A doughty Mr Gagner vowed to plough on yesterday. He said: "We've been arguing for 12 years that it is dangerous for the government to claim the power to try civilians in military tribunals, long before this war against terror. I'll keep arguing that for 1,200 years."
President George W Bush has claimed that power as he prosecutes the war against terrorism and a ruling against the government in the Mudd case could remove the option.
First, Dr Mudd's descendants have to prove that they suffer lingering harm from his conviction.
Thomas Mudd testified this week that during military training in his youth he was assigned extra latrine duties when instructors learnt who he was.

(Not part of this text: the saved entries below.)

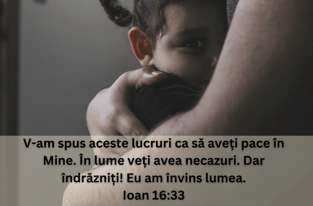 V-am spus aceste lucruri ca să aveți pace în Mine. În lume veți avea necazuri. Dar îndrăzniți! Eu am învins lumea.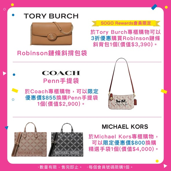 【崇光感謝周年慶 Part 2 限定優惠登陸啟德店】想換個新造型過秋冬?崇光啟德店 G/F & 1/F 推出一系列人氣熱賣袋款,以限定優惠價發售!日常百搭、上班必備,定係約會靚款,全方位滿足你嘅造型需要。 趁住感謝周年慶 Part 2 優惠入手,升級衣著品味,袋住自信出街啦~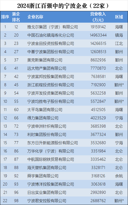宁波共有22家企业上榜。其中,雅戈尔在浙江百强中已排在第12位,8家企业进入榜单前50强。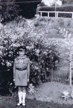 A photo of Anne Ogilvie in traditional Brownie uniform at the family home in Centaurus Rd. Working on badges like sewing and first aid were important skills to learn. The Girl Guide biscuits were a favourite delicious memory.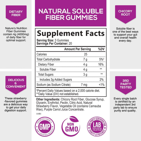 Fiber Gummies for Adults Extra Strength 4000mg - Daily Prebiotic Fiber Gummies - Delicious Strawberry Flavor - Natural Inulin Dietary Supplement for Digestion Support - 60 Vegan Gummies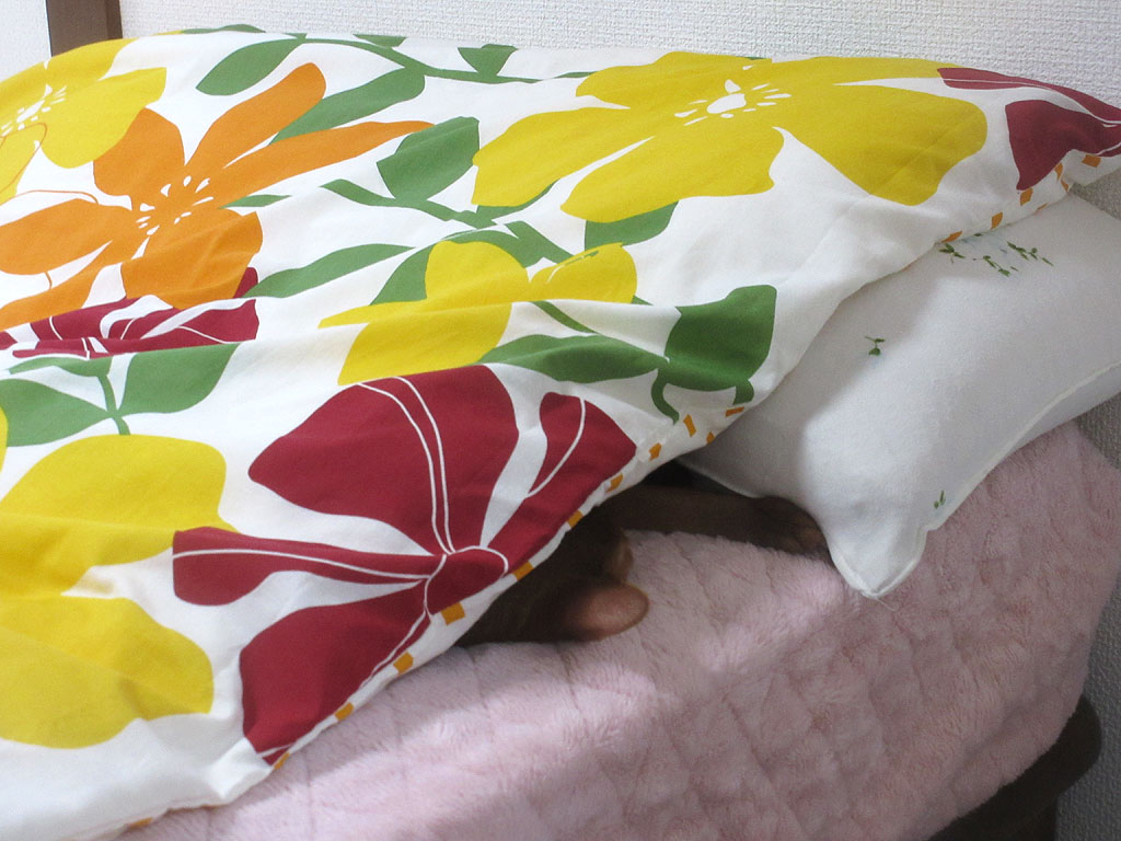 そして、今朝のアビのすけも、私が布団から出た後、この場所で同じ様に頭から布団をかぶって寝ていて、この所は、「ほぼ毎日」ではなくて、「毎日」のアビのすけのお決まりの行動になっています。

But Professor Douglas Linder, a legal historian who has written on the Mudd case, confessed to feeling little sympathy for Dr Mudd, a staunch advocate of slavery and an open sympathiser with the Southern cause during the Civil War.
He noted that the war had not technically ended at the time of the shooting and that Mudd stood accused of aiding in the murder of the president, commander-in-chief of US armed forces.
The appeals court is expected to rule within 60 days on the family's right to sue the government.
Regards, Ivan
In a similar vein, as long as we're on the topic, wasn't Ed McMahon, of "Tonight Show" fame, descended from the French Field Marshall McMahon?
That puts another wrinkle on it. All these years we've been told that Dr. Mudd just did doctor duties on Booth, with no mention of aiding and abetting and giving comfort to the enemy. The fresh horses is the smoking gun in my book if it is true.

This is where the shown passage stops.